The concern for New York lawyers is whether using a PEO is consistent with a lawyer’s ethical obligations under the New York Rules, including the following:

  • The Duty to Exercise Independent Professional Judgment and Supervise Employees: “The duty to exercise professional independence is a core value of the legal profession,” notes the opinion. This value is reflected in multiple provisions of the New York Rules, including Rule 1.8(f), 2.2, 5.4(c), and 5.4(d)(3). Accordingly, “a PEO must not be allowed to influence decisions that would impact the lawyer’s ability to provide independent professional judgment to his or her clients.” Law firms are also ethically required to supervise the conduct of other lawyers and non-lawyers at the firm, as illustrated by Rule 5.1, 5.2 and 5.3. Thus, an agreement with a PEO must be tailored so that “the PEO does not have the authority to hire, terminate, or discipline employees or otherwise have control over law firm employees in connection with any aspect of the practice of law,” assuming the NYPEO Act allows for this.

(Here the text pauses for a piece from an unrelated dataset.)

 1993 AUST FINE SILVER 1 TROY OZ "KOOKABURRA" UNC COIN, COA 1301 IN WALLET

  • The Duty to Preserve Confidential Information: Rule 1.6 requires a lawyer to preserve confidential information belonging to a client and to “exercise reasonable care to prevent the lawyer’s employees, associates, and others whose services are utilized by the lawyer from disclosing or using confidential information of a client,” absent an exception. Additionally, under Rule 5.1, law firms are required to make reasonable efforts to ensure that lawyers working through the PEO do not share with them clients’ confidential information, and in order to comply, the opinion notes, PEO arrangements with law firms must include reasonable safeguards to prevent this.

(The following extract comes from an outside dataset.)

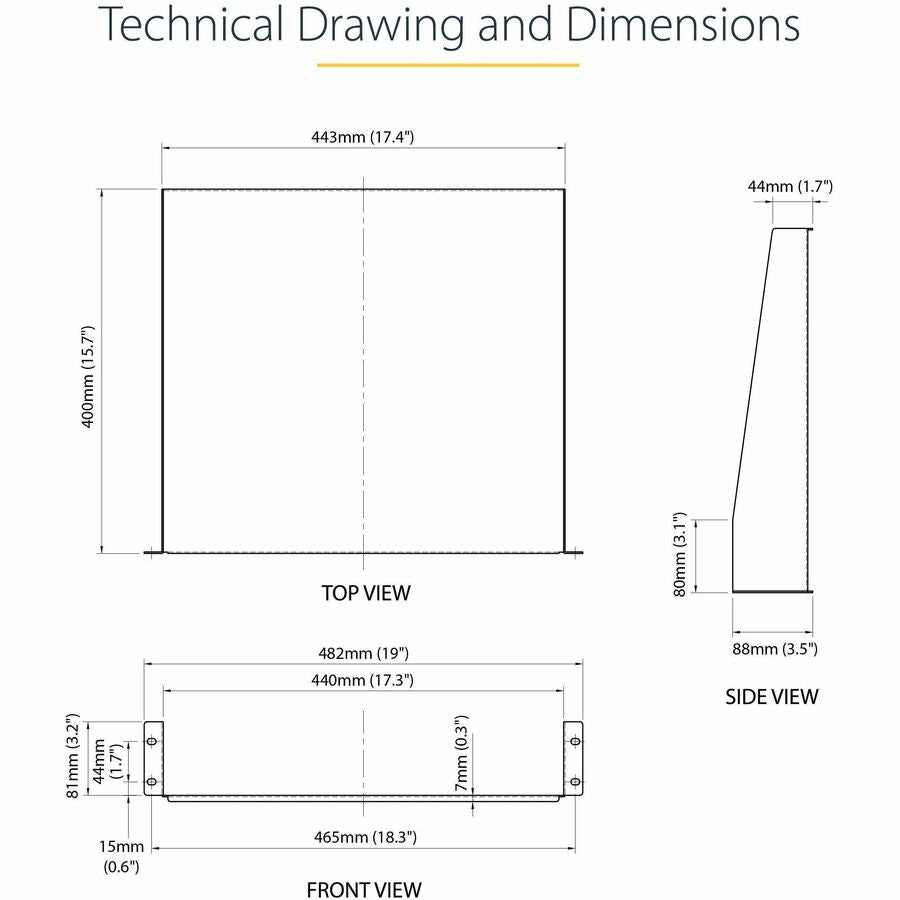 Add a sturdy, fixed shelf into almost any server rack or cabinetThe Black CABSHELF Standard Universal Server Rack Cabinet Shelf helps to efficiently organize your mission critical computer hardware and accessories by adding a fixed shelf with the capacity to hold up to 20 kg (44 lbs). This TAA compliant product adheres to the requirements of the US Federal Trade Agreements Act (TAA), allowing government GSA Schedule purchases.Universally mountable in any standard front mount 19” server rack or cabinet, the rack shelf is constructed of sturdy, cold-rolled steel for long-term durability.Backed by a StarTech.com Lifetime warranty.The StarTech.com Advantage

  • The Duty to Identify and Avoid Conflicts of Interest: Lawyers and law firms have an obligation to avoid conflicts of interest arising from current or former client relationships, as noted in Rules 1.7, 1.9 and 1.10. And given the PEO business model, it is foreseeable that a single PEO would enter into agreements with multiple law firms. But as the committee states, “as long as the PEO is not interfering with the lawyers’ professional independence, controlling or supervising employees, or accessing confidential information, we believe there is no ethical prohibition against the PEO providing similar administrative services to other law firms that represent adverse clients.” 

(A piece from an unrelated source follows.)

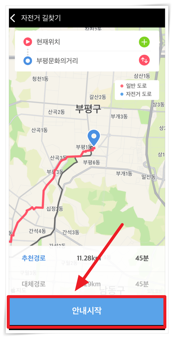 4. 설정을 완료하며 자전거 내비를 이용하실 수 있습니다.
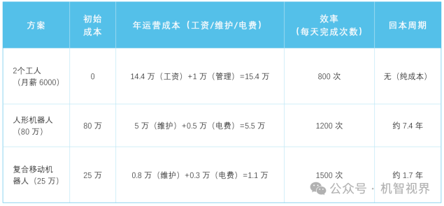 很明显:人工是“纯支出”,人形机器人要7年多才能回本——这意味着“还没回本,机器人就该换代了”;而复合移动机器人1年多就能赚钱,对工厂来说,这才是“靠谱的投资”。

  • The Prohibition against Sharing Fees with Nonlawyers: Lawyers are prohibited from sharing legal fees with nonlawyers, except in limited circumstances that do not apply here. See Rule 5.4(a).  Notes the committee, “in our opinion, a law firm is ethically permitted to compensate a PEO based on a percentage of total payroll, flat fee, or fee per employee or service. As long as these payment arrangements are not based on the fees paid by the law firm’s clients, they do not violate Rule 5.4(a)’s prohibition against fee-sharing.”

Additional issues may require consideration, notes the opinion, such as whether the arrangement with the PEO complies with relevant substantive laws and the professional conduct rules of other jurisdictions, but these fall outside the jurisdiction of the Committee, which is limited to interpreting the New York Rules of Professional Conduct.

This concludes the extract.